● **What needs to be done**
From the first line to the last, copy the listing exactly and omit the images.

● **Task input**
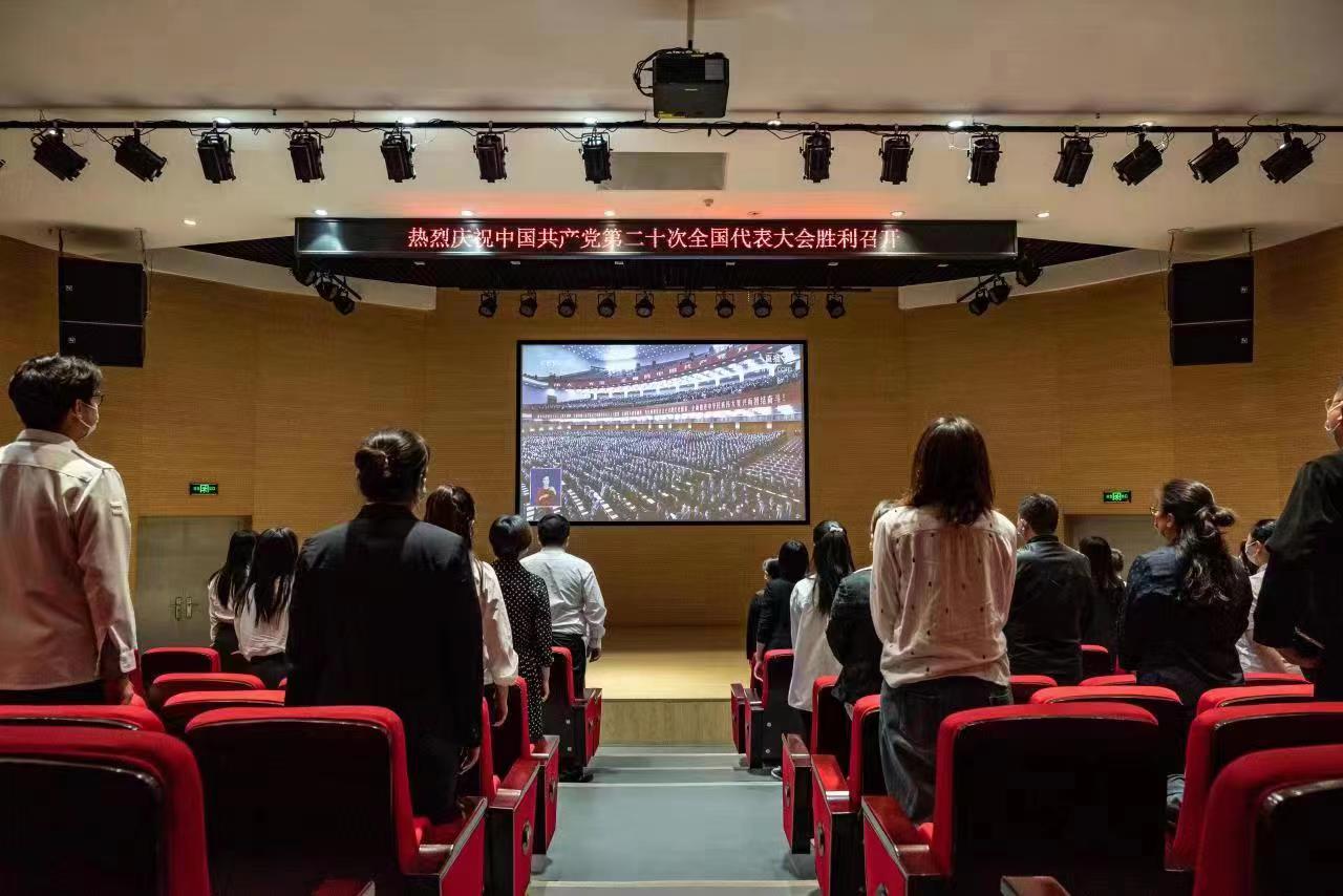 在圆形报告厅,学校各直属支部党员教师一起收看大会直播。
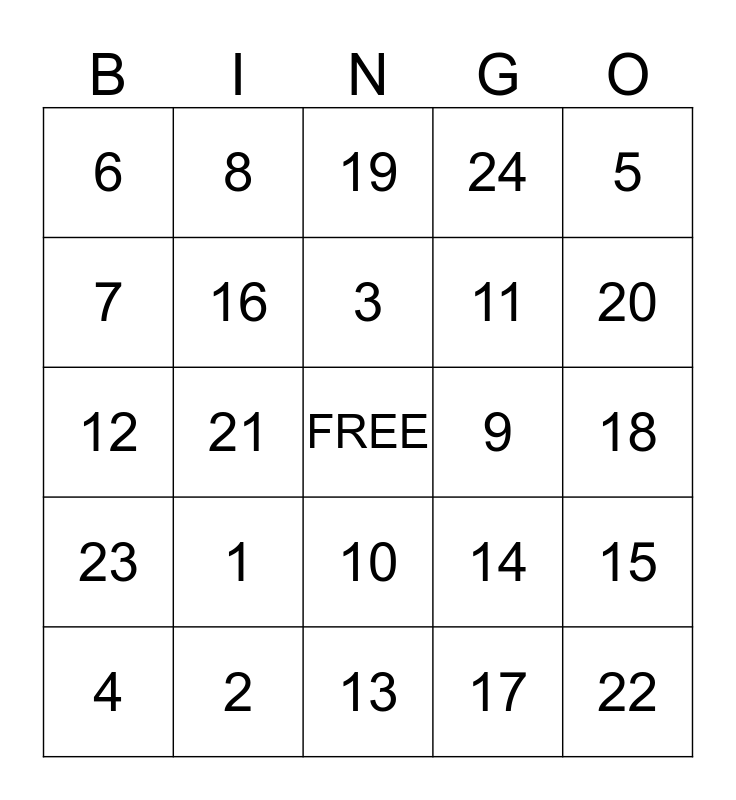 This bingo card has a free space and 24 words: 1, 2, 3, 4, 5, 6, 7, 8, 9, 10, 11, 12, 14, 15, 16, 17, 18, 19, 20, 21, 22, 23, 24 and 13.
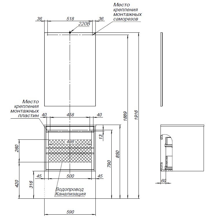 Мебель для ванной Aquanet Lino 60 дуб веллингтон
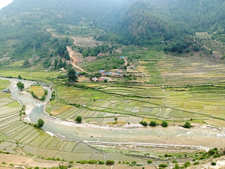 जुम्ला, ३० जेठ । जुम्लाको सिंजा उपत्यका पर्ने कनकासुन्दरी गाउँपालिका ६ स्थित गौरुचौरबाट देखिएको हिमा नदी र मार्सीधान खेतको फाँट । तस्बिर : विजय रावत / रासस
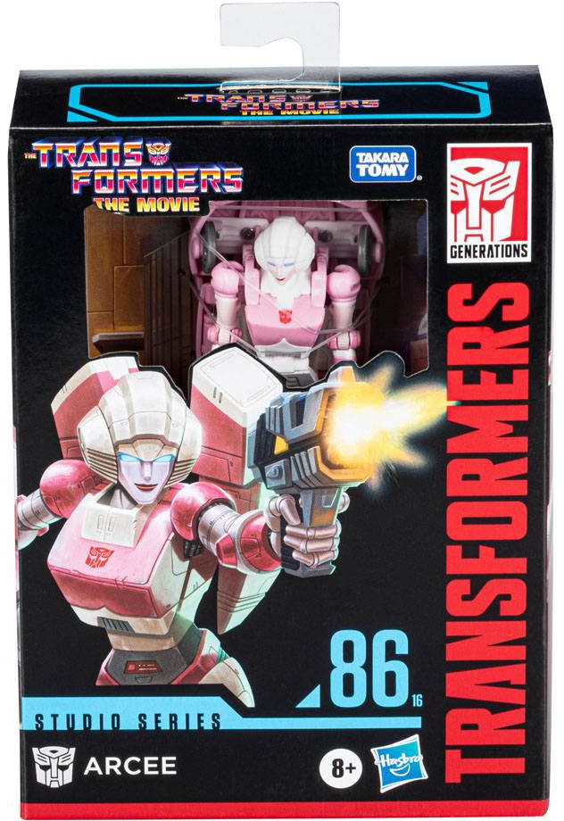 This Studio Series 86-16 Deluxe Class Transformers: The Movie-inspired Arcee figure converts from robot to Cybertronian car mode in 18 steps. Remove backdrop to showcase Arcee toy in the Battle of Autobot City scene. In the Battle of Autobot City scene from The Transformers: The Movie, Arcee converts Autobot City when the Decepticons launch their attack. Pose the figure out with the included blaster accessory and imagine re-creating this classic movie moment!

● **Exercise solution**
 在圆形报告厅,学校各直属支部党员教师一起收看大会直播。
 This bingo card has a free space and 24 words: 1, 2, 3, 4, 5, 6, 7, 8, 9, 10, 11, 12, 14, 15, 16, 17, 18, 19, 20, 21, 22, 23, 24 and 13.
 Мебель для ванной Aquanet Lino 60 дуб веллингтон
 जुम्ला, ३० जेठ । जुम्लाको सिंजा उपत्यका पर्ने कनकासुन्दरी गाउँपालिका ६ स्थित गौरुचौरबाट देखिएको हिमा नदी र मार्सीधान खेतको फाँट । तस्बिर : विजय रावत / रासस
 This Studio Series 86-16 Deluxe Class Transformers: The Movie-inspired Arcee figure converts from robot to Cybertronian car mode in 18 steps. Remove backdrop to showcase Arcee toy in the Battle of Autobot City scene. In the Battle of Autobot City scene from The Transformers: The Movie, Arcee converts Autobot City when the Decepticons launch their attack. Pose the figure out with the included blaster accessory and imagine re-creating this classic movie moment!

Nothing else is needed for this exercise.